Return all the entries below exactly, except for the images they hold.

===== Source information =====

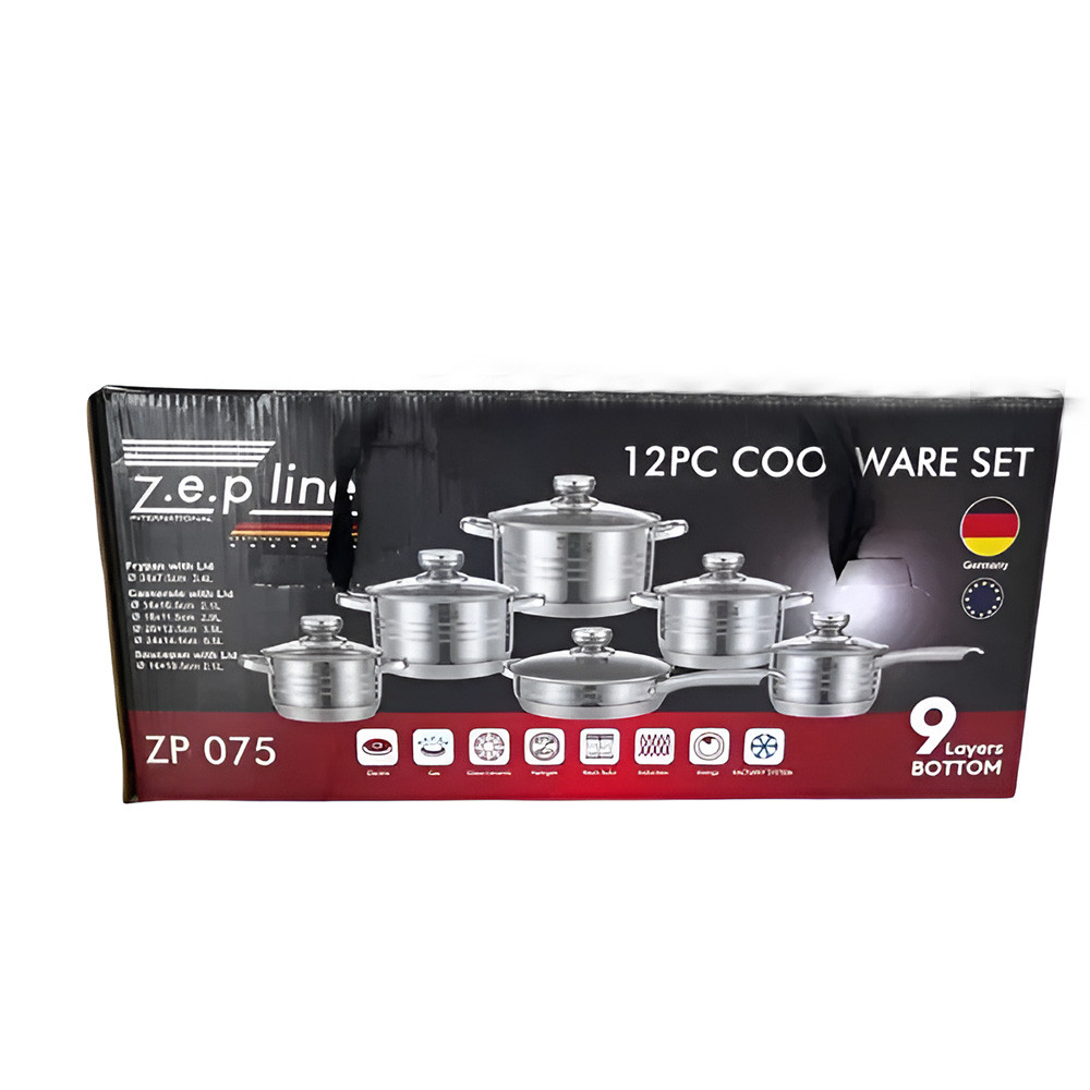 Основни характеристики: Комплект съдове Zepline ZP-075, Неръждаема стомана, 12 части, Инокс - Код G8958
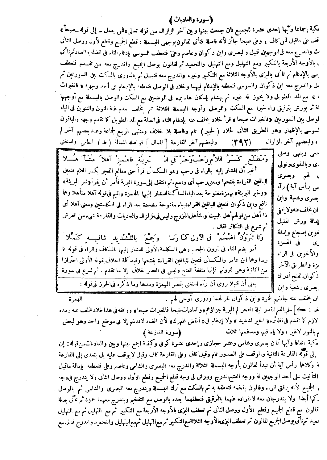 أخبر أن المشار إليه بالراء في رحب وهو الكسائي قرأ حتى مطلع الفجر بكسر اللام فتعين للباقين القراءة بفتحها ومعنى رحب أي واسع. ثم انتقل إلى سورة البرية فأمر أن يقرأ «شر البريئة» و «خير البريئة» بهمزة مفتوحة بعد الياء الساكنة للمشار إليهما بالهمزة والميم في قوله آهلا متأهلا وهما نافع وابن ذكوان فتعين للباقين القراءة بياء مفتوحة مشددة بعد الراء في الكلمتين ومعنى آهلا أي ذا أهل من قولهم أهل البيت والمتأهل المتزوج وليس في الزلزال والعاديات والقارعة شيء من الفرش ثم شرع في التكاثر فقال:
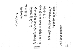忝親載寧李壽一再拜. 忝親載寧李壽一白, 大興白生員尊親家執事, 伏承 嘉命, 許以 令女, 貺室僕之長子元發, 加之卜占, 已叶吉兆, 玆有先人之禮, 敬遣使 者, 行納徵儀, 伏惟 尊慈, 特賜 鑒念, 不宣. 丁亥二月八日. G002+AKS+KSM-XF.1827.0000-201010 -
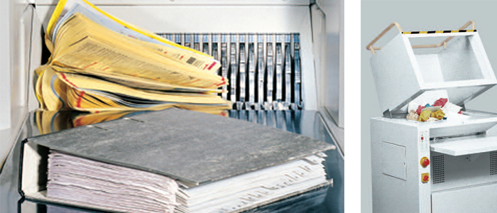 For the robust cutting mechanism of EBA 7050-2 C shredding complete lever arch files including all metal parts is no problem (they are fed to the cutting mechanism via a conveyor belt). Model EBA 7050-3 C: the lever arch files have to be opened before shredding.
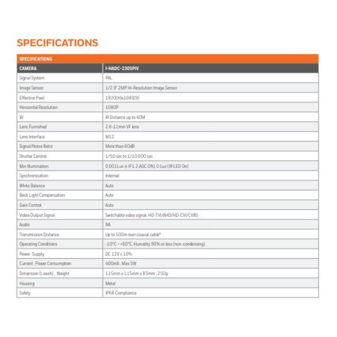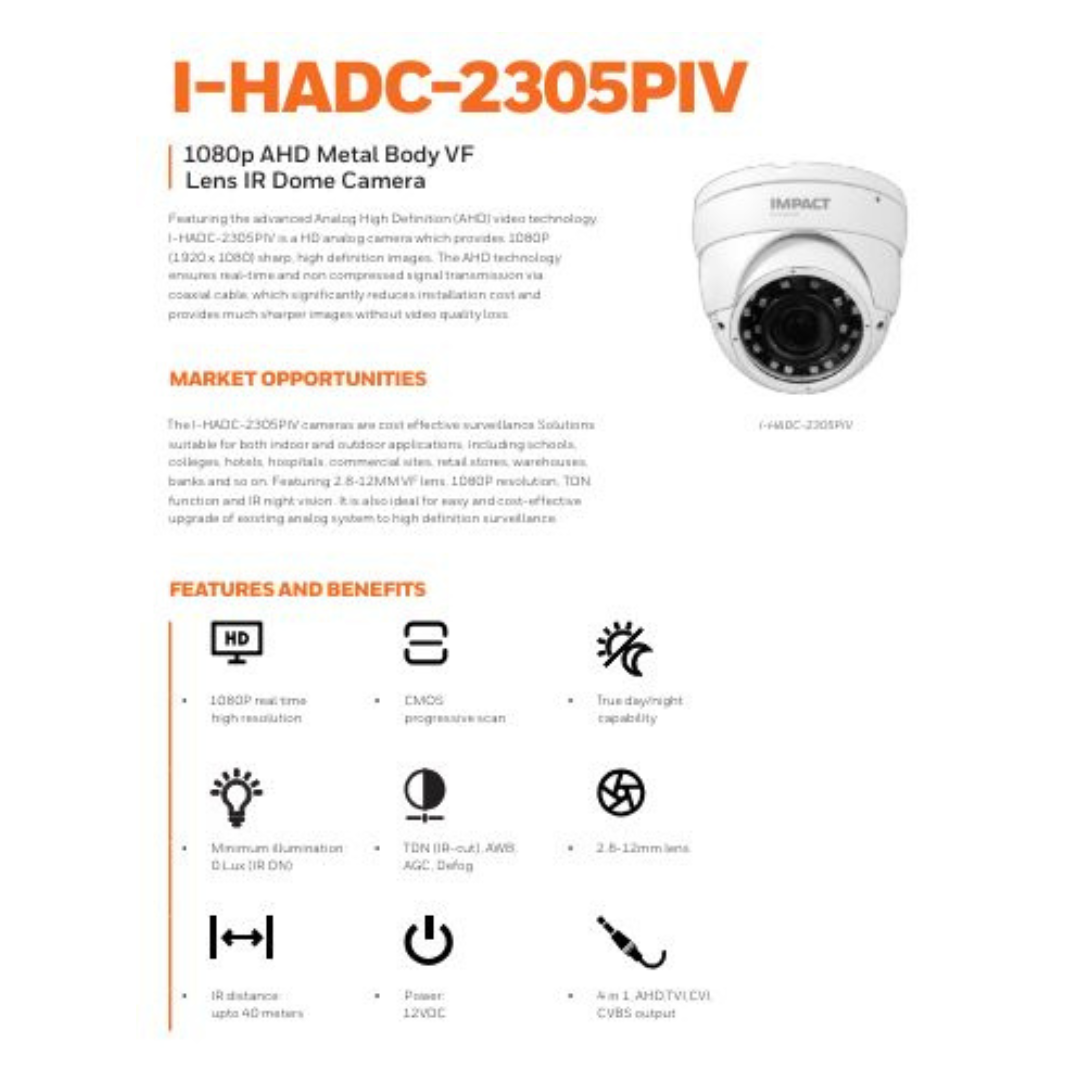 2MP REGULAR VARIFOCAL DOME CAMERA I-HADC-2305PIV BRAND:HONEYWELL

=====

## Solved problem:
 Основни характеристики: Комплект съдове Zepline ZP-075, Неръждаема стомана, 12 части, Инокс - Код G8958
 أخبر أن المشار إليه بالراء في رحب وهو الكسائي قرأ حتى مطلع الفجر بكسر اللام فتعين للباقين القراءة بفتحها ومعنى رحب أي واسع. ثم انتقل إلى سورة البرية فأمر أن يقرأ «شر البريئة» و «خير البريئة» بهمزة مفتوحة بعد الياء الساكنة للمشار إليهما بالهمزة والميم في قوله آهلا متأهلا وهما نافع وابن ذكوان فتعين للباقين القراءة بياء مفتوحة مشددة بعد الراء في الكلمتين ومعنى آهلا أي ذا أهل من قولهم أهل البيت والمتأهل المتزوج وليس في الزلزال والعاديات والقارعة شيء من الفرش ثم شرع في التكاثر فقال:
忝親載寧李壽一再拜. 忝親載寧李壽一白, 大興白生員尊親家執事, 伏承 嘉命, 許以 令女, 貺室僕之長子元發, 加之卜占, 已叶吉兆, 玆有先人之禮, 敬遣使 者, 行納徵儀, 伏惟 尊慈, 特賜 鑒念, 不宣. 丁亥二月八日. G002+AKS+KSM-XF.1827.0000-201010 -
 For the robust cutting mechanism of EBA 7050-2 C shredding complete lever arch files including all metal parts is no problem (they are fed to the cutting mechanism via a conveyor belt). Model EBA 7050-3 C: the lever arch files have to be opened before shredding.
 2MP REGULAR VARIFOCAL DOME CAMERA I-HADC-2305PIV BRAND:HONEYWELL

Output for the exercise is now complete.